Commentary

Commentary: Beyond the Exchanges

By Sunny Singh November 10, 2014

SunnySingh

The opening of health exchanges last year focused on providing patients with greater access to care. But it failed to address the issue of high cost and the inconsistency of quality across different regions.

Now we need to find ways to provide more affordable and efficient care while obtaining healthier outcomes. These goals mean ridding the system of unnecessary waste by measuring patient care based on outcomes rather than on the number of procedures. We are in the early stages of realizing the full potential of health data digitization, but we need better ways to address data in three phases:

Collection: the digitization and storage of health information

Sharing: ensuring health care providers and insurers have an efficient means of exchanging health information

Analytics: the ability to leverage trends and patterns from health information to make more informed decisions in care

Data collection has offered some success through the implementation of electronic health records, enabling greater access to health information. Data sharing has begun to show some benefits via health information management technologies, which improve the exchange of data among health care providers and insurers. But those two phases have not led to lower costs or improved health care. And we have not yet been able to provide meaningful analytics.

According to the analysis firm Technology Business Research, the health care industry will spend a staggering $34.5 billion on information technology this year. But that spending seems far more reasonable when you think about what is at stake. Health care providers, insurers and public sector agencies are all under intense pressure to meet the wide variety of regulatory mandates. And they are under pressure to chisel away at the $750 billion in health care waste generated annually, according to the congressionally chartered Institute of Medicine.

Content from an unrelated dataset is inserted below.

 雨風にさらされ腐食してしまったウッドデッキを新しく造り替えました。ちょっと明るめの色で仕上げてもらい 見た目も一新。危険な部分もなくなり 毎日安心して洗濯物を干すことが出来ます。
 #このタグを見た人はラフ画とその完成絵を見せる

Through careful analysis, my company has determined that an average size insurer could save more than $160 million annually by using technologies that eliminate antiquated paper-based processes in favor of automated, electronic transactions much the same way online banking transactions are replacing paper checks. Moving to such a system would increase efficiencies, maximize revenue and reduce administrative costs. Imagine the impact we could make were we to include all the insurers in Washington state, let alone the United States.

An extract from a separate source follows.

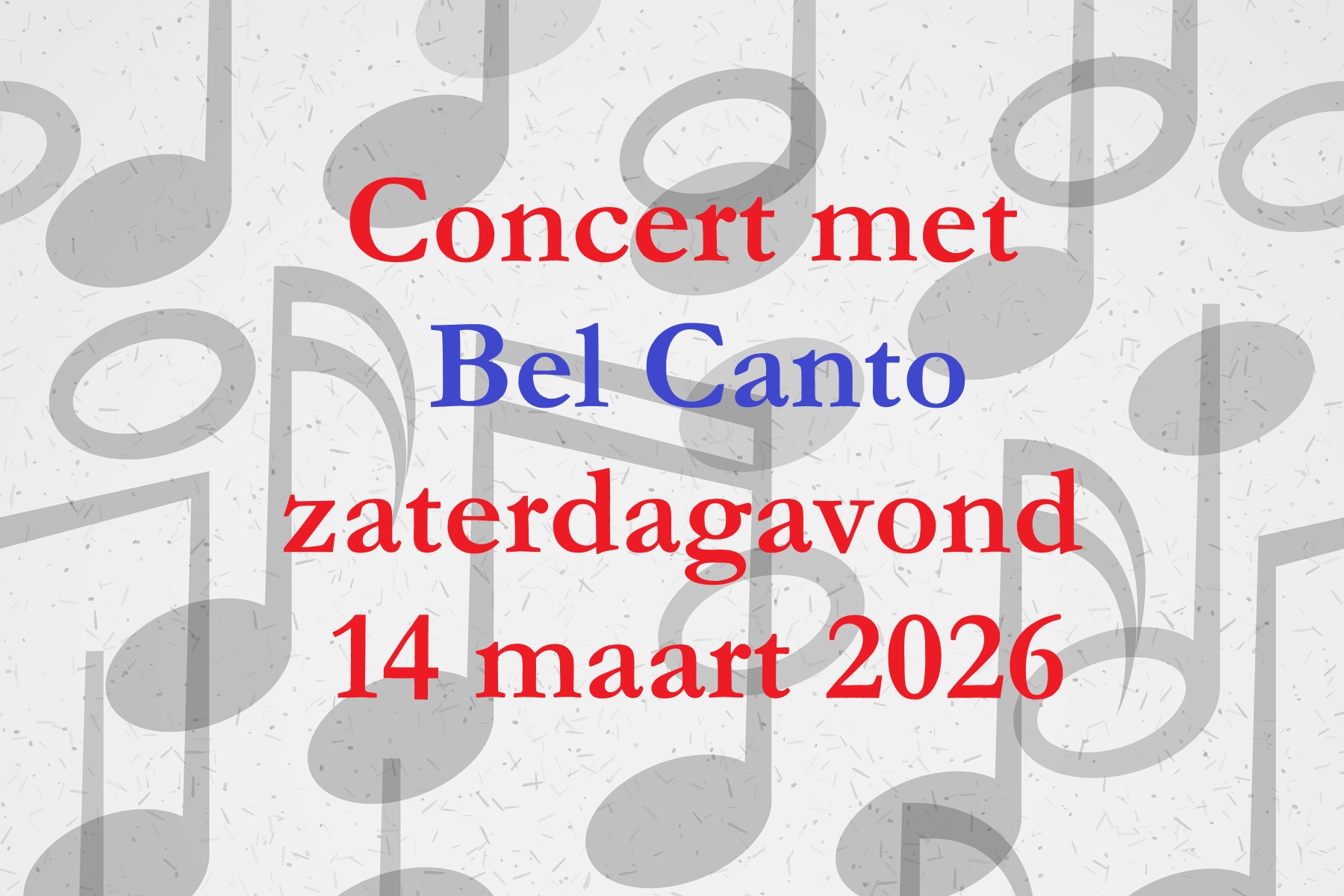 We gaan met het mannenkoor Bel Canto uit Apeldoorn een concert geven op zaterdagavond 14 maart 2026. Nadere bijzonderheden volgen binnenkort.

We recently saw the value in such technologies when working with a Medicaid managed care program that provides health coverage for 1.2 million people. The program recognized its model for managing claims was unsustainable. The root cause of its problem was poor quality data coming from its partners at almost every stage of its claims life cycle. Symptoms included excessive errors, limited data for operational decision making and process improvement, significant manual efforts to resolve problems and an unacceptable level of valid transactions being reprocessed.

Taken together, these issues prevented the Medicaid program from reducing day-to-day operating costs, providing timely data analysis and reporting for internal and external constituents. By leveraging new claims management technologies, the program was able to improve data quality and administrative efficiency, enabling it to cut processing times in half, reduce error rates and reduce claim utilizations by 62 percent. It also cut $4 million in operational and IT costs.

But beyond mandate compliance and the immediate cost savings, theres something greater at stake. With wider availability and greater sharing of data come the ability to transform health care in ways we have not yet imagined. The widespread adoption and sharing of digitized health data will propel us into the third and most promising phase of digitization: analytics. Health care organizations with access to rich health care data will be able to identify treatment patterns and disease management trends that will shape improvements in procedures, care and outcomes.

With the promise of improved analytics on the horizon, theres no telling how much more we will be able to accomplish. Health IT is at the center of attaining a truly value-based system of care, something I think we can all agree is better for everyone.

SUNNY SINGH is president and CEO of Edifecs, which provides software that streamlines the processing of health care information.